Segment Start: Given material

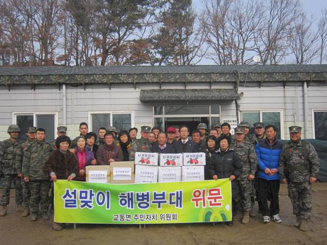 강화군 교동면 주민자치위원회(위원장 박상철)는 지난 1월 24일 설을 맞아 교동면 인사리 소재 해병대를 위문했다.
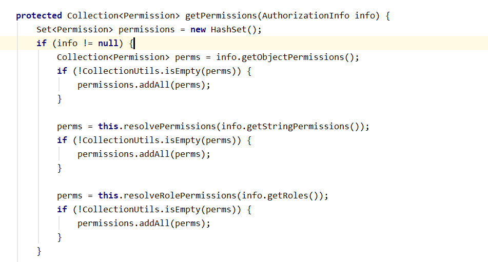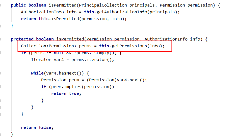 8.1 下面进行权限校验,获取到返回值后,在isPermitted()方法中会执行getPermissions(info)方法,这是对返回值info进行解析的方法。
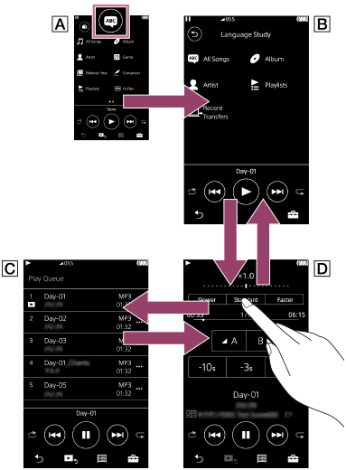 Valodas apguves funkcijas ekrāna izkārtojums ir parādīts nākamajās ilustrācijās Pavelciet, lai pārvietotos pa ekrāniem.
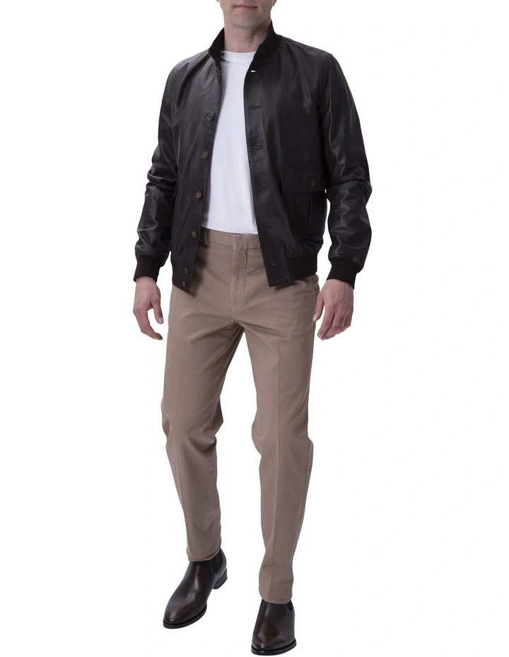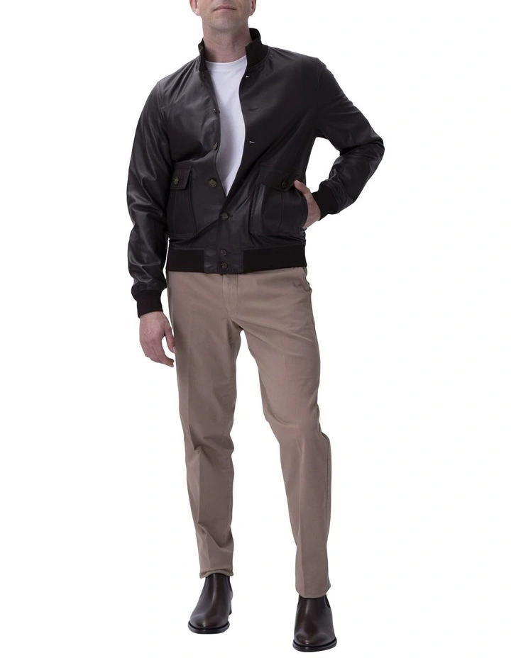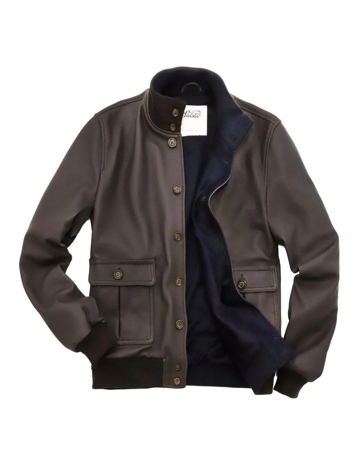 This Valstarino jacket by Valstar is made up of butter-soft cow Nappa leather and finished with a ribbed collar, cuffs, and hems. The Valstarino can be worn with cashmere rollneck, woolen chinos, and Chelsea boots.

Segment End: Given material

- Exercise description
The whole of the data needs to be copied word for word, though not its pictures.

- Solution for this problem
 강화군 교동면 주민자치위원회(위원장 박상철)는 지난 1월 24일 설을 맞아 교동면 인사리 소재 해병대를 위문했다.
 8.1 下面进行权限校验,获取到返回值后,在isPermitted()方法中会执行getPermissions(info)方法,这是对返回值info进行解析的方法。
 Valodas apguves funkcijas ekrāna izkārtojums ir parādīts nākamajās ilustrācijās Pavelciet, lai pārvietotos pa ekrāniem.
 This Valstarino jacket by Valstar is made up of butter-soft cow Nappa leather and finished with a ribbed collar, cuffs, and hems. The Valstarino can be worn with cashmere rollneck, woolen chinos, and Chelsea boots.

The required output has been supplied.